AI News May 2026: Qwen 3.7, Gemini 3.5 Flash, DeepSeek V4 Price Cut & Everything That Shipped This Month
AI News May 2026: Qwen 3.7, Gemini 3.5 Flash, DeepSeek V4 Price Cut & Everything That Shipped This Month
TL;DR: May 2026 was quietly one of the biggest months in AI this year. Alibaba previewed Qwen 3.7-Max (the strongest Chinese model on public leaderboards), Google shipped Gemini 3.5 Flash at I/O, DeepSeek made its V4-Pro 75% discount permanent, Cursor released a frontier-grade in-house model (Composer 2.5), and xAI launched Grok Build CLI beta. Here's what actually matters for developers, builders, and power users.

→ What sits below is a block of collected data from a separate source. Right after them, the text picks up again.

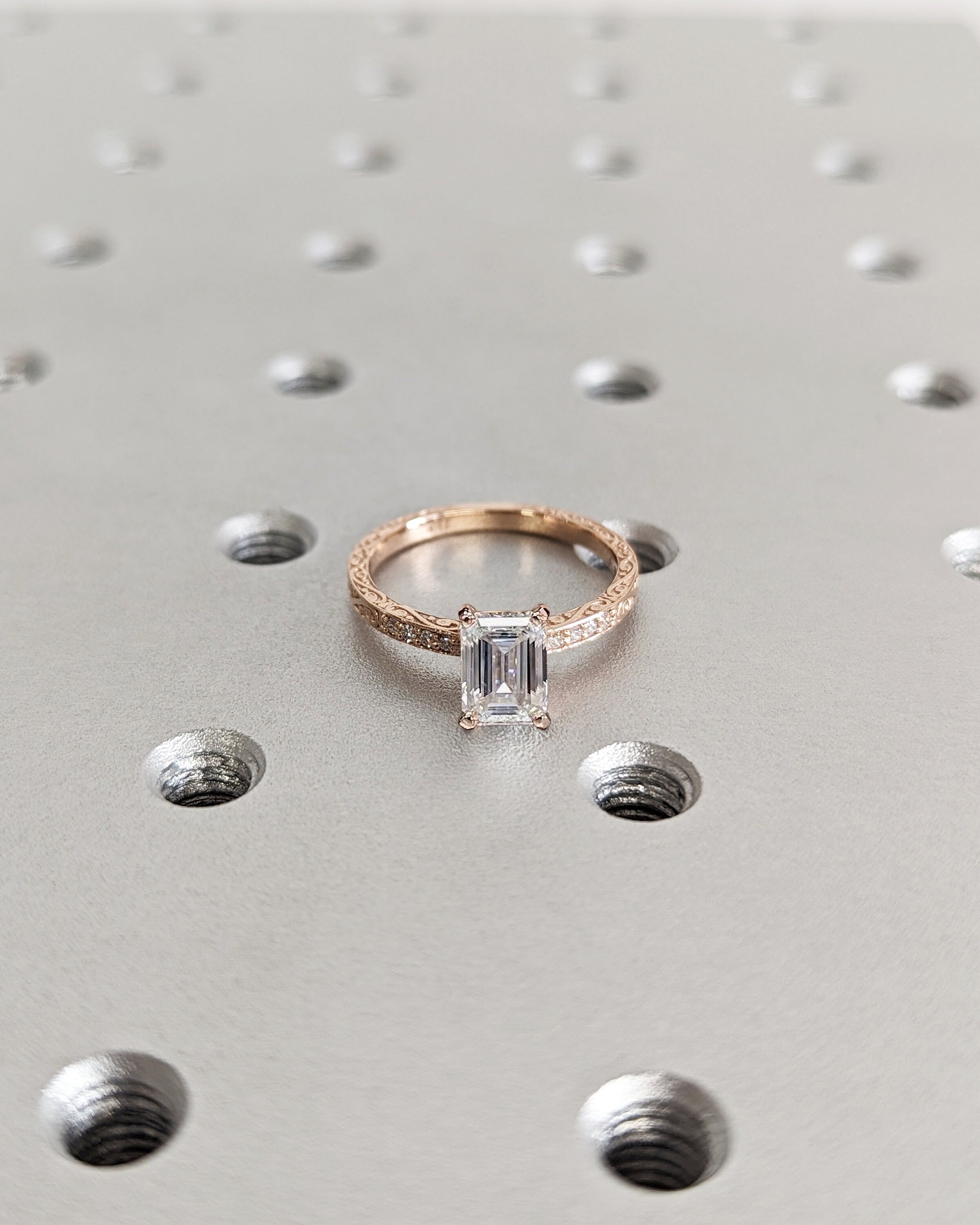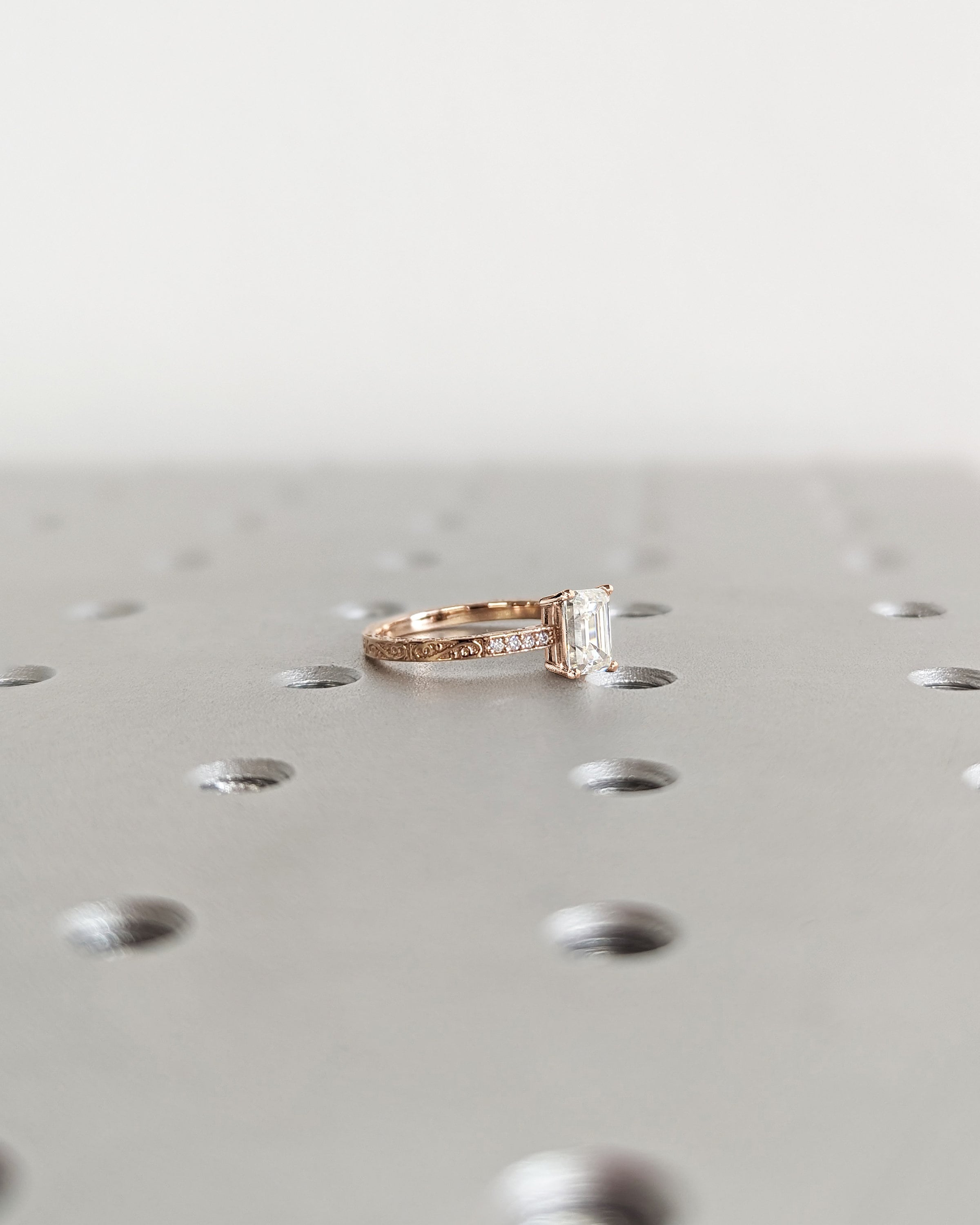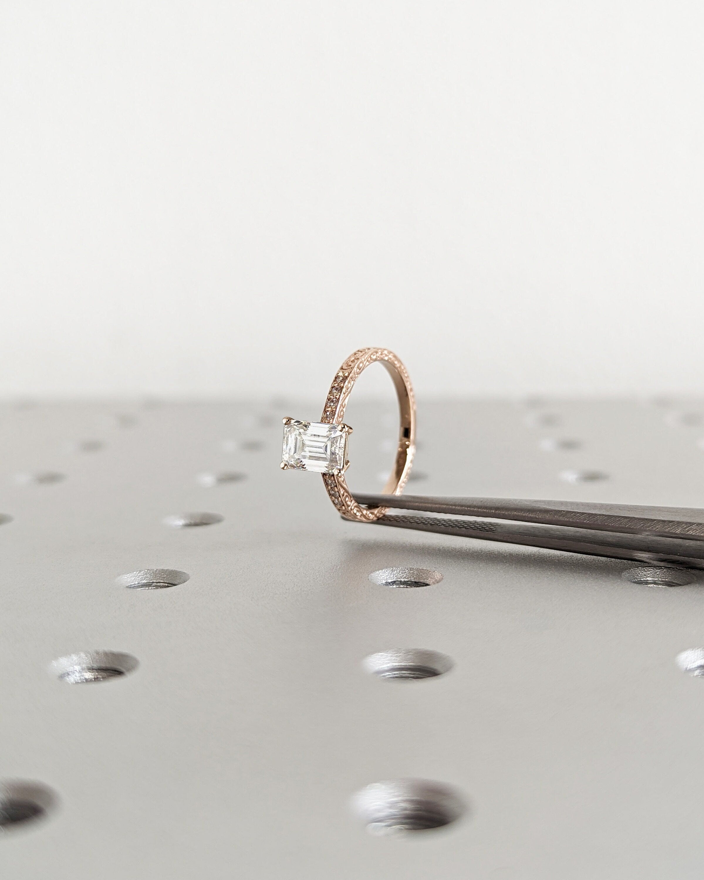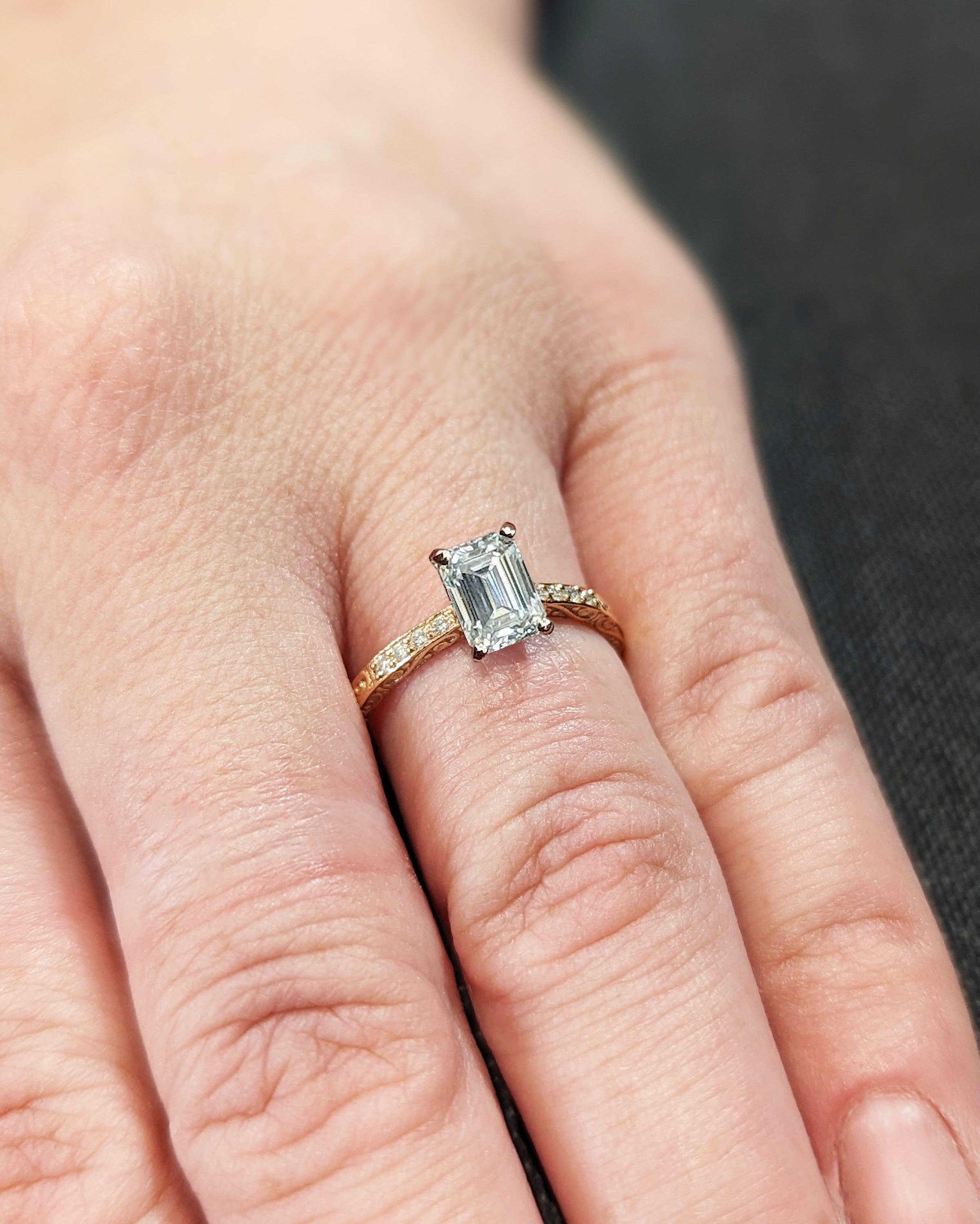 Vintage Engagement Ring, 18K Gold, Hand Engraved Ring, Moissanite Engagement Ring, Vintage Ring, Hand Engraving, Art Deco, Minimalist Ring
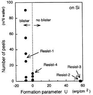| Fig.7 Correlation between number of blisters and formation parameter U (Si substrate). |
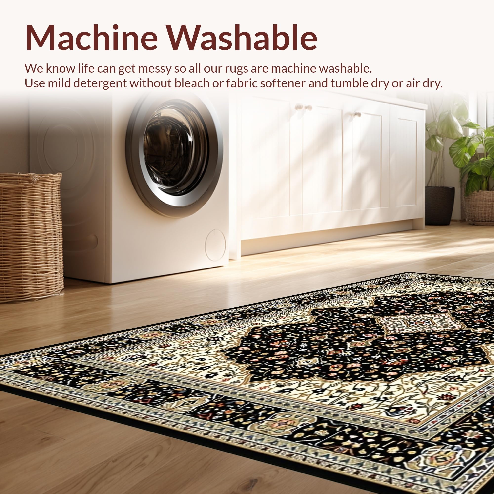 - Machine Washable: Our rugs can be easily thrown in the wash machine.
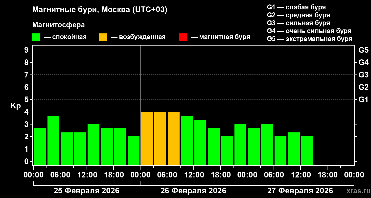 Геомагнитная активность определяется сейчас исключительно вариациями солнечного ветра, который слабо возмущён. В результате геомагнитный индекс Kp также последние дни незначительно повышен и иногда даже выходит на жёлтый уровень. Но в целом какими-то серьезными событиями это трудно назвать. Глобально магнитное поле Земли спокойное.
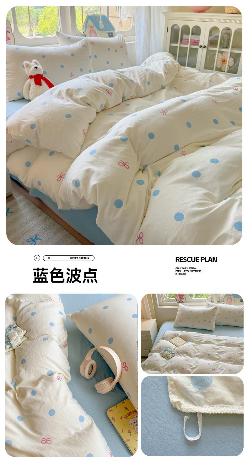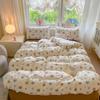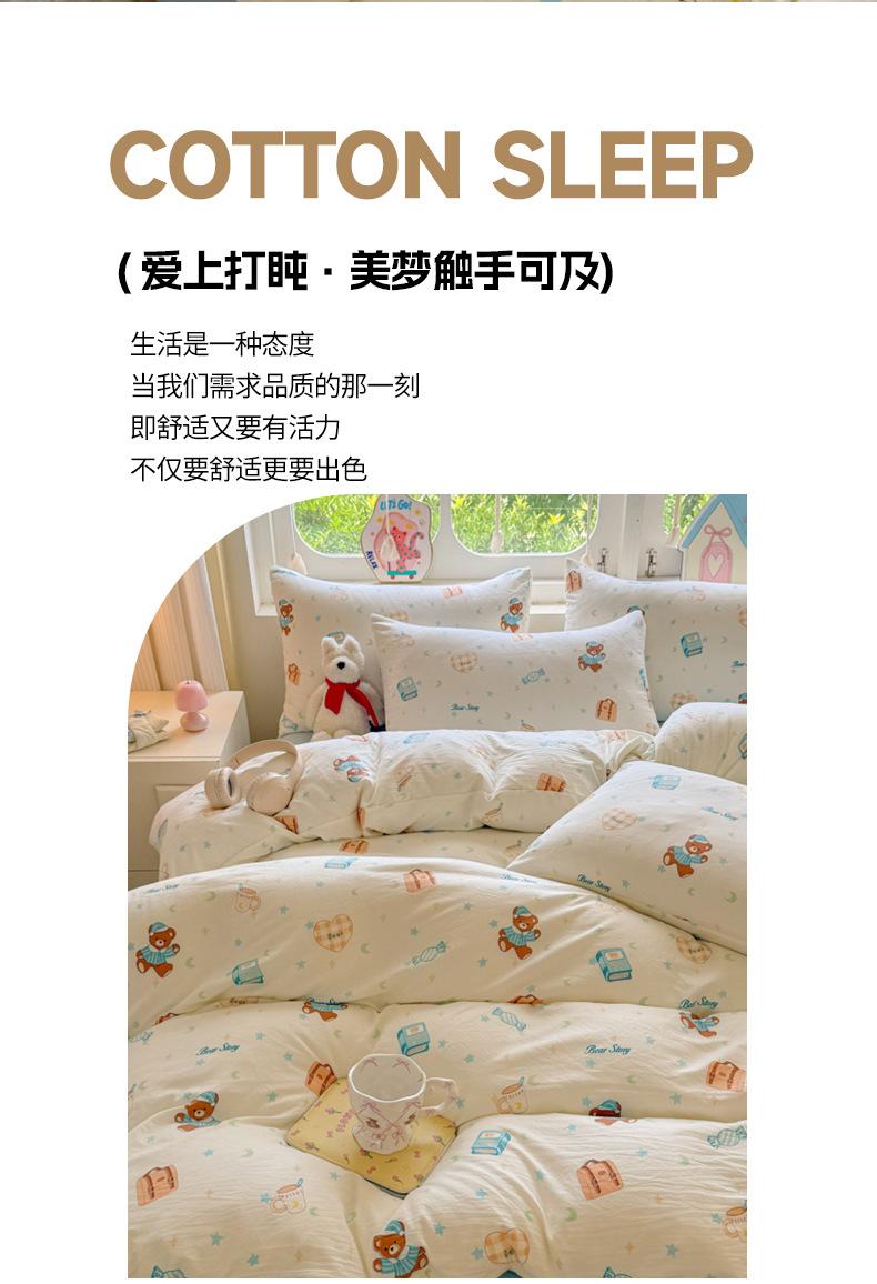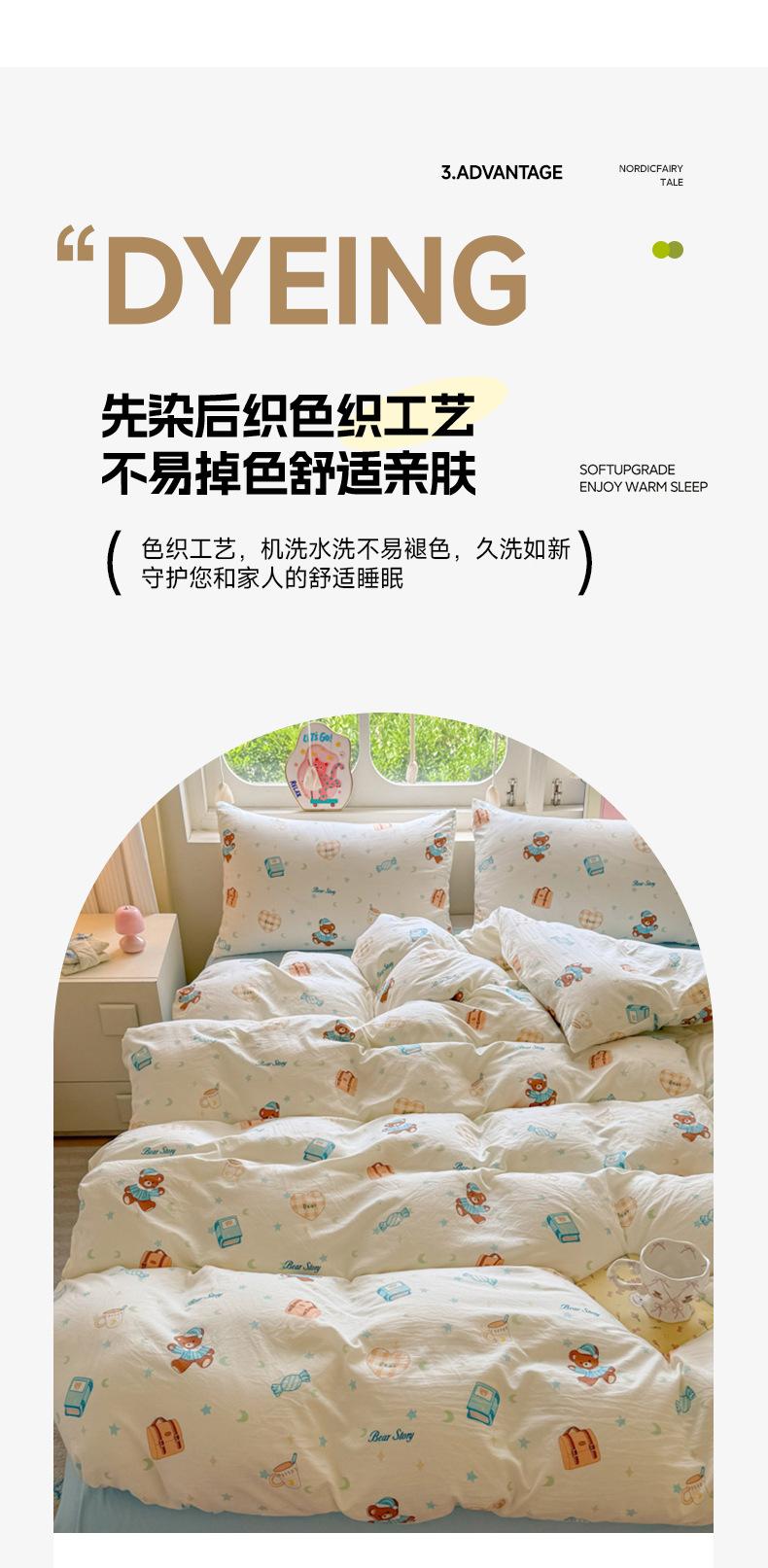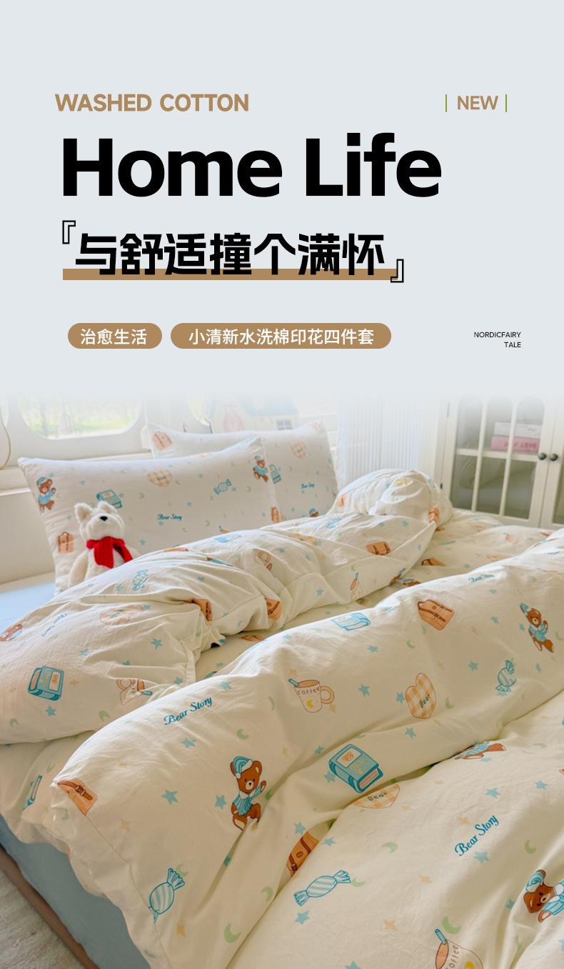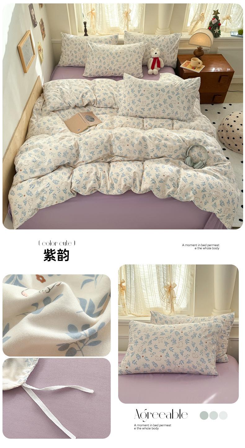 Nuevo Juego de Cuatro Piezas de Algodón Lavado Estilo Fresco ins Estilo Crema Dibujos Animados Algodón Puro Estudiante Dormitorio Sábana Sábana Ajustable Funda Nórdica

📅 May 2026 Release Timeline at a Glance
| Date | Release | Type |
|---|---|---|
| May 13 | Cursor 3.4 | Tooling |
| May 14 | Ollama 0.24 | Tooling |
| May 14 | Grok Build CLI (beta) | Tooling |
| May 14 | Anthropic billing split announcement | Policy |
| May 18 | Composer 2.5 (Cursor's in-house model) | Model |
| May 19 | Gemini 3.5 Flash | Model |
| May 20 | Qwen 3.7-Max-Preview | Model |
| May 22 | DeepSeek V4-Pro permanent price cut | Pricing |
🏆 Frontier Model Releases
Qwen 3.7-Max-Preview (Alibaba, May 20)
Alibaba announced Qwen 3.7-Max at the Apsara Cloud Summit in Hangzhou on May 20. The preview variant had already been live on LMSys Chatbot Arena for a week as qwen3.7-max-preview.
Key specs:
- Context window: 1 million tokens with extended-thinking mode
- Benchmarks: Elo 1,475 on LM Arena (#13 overall), #7 on Math, #10 on Coding
- Agentic capability: Alibaba demoed a 35-hour autonomous run chaining over 1,000 tool calls without measurable degradation
- Pricing: $2.50 / $7.50 per 1M tokens (input / output) on OpenRouter
- Status: Preview only; the flagship Max variant is closed-weight
Why it matters: Qwen 3.7-Max is now the strongest Chinese closed-weight model on public leaderboards, but the open-weight release everyone wants is still pending.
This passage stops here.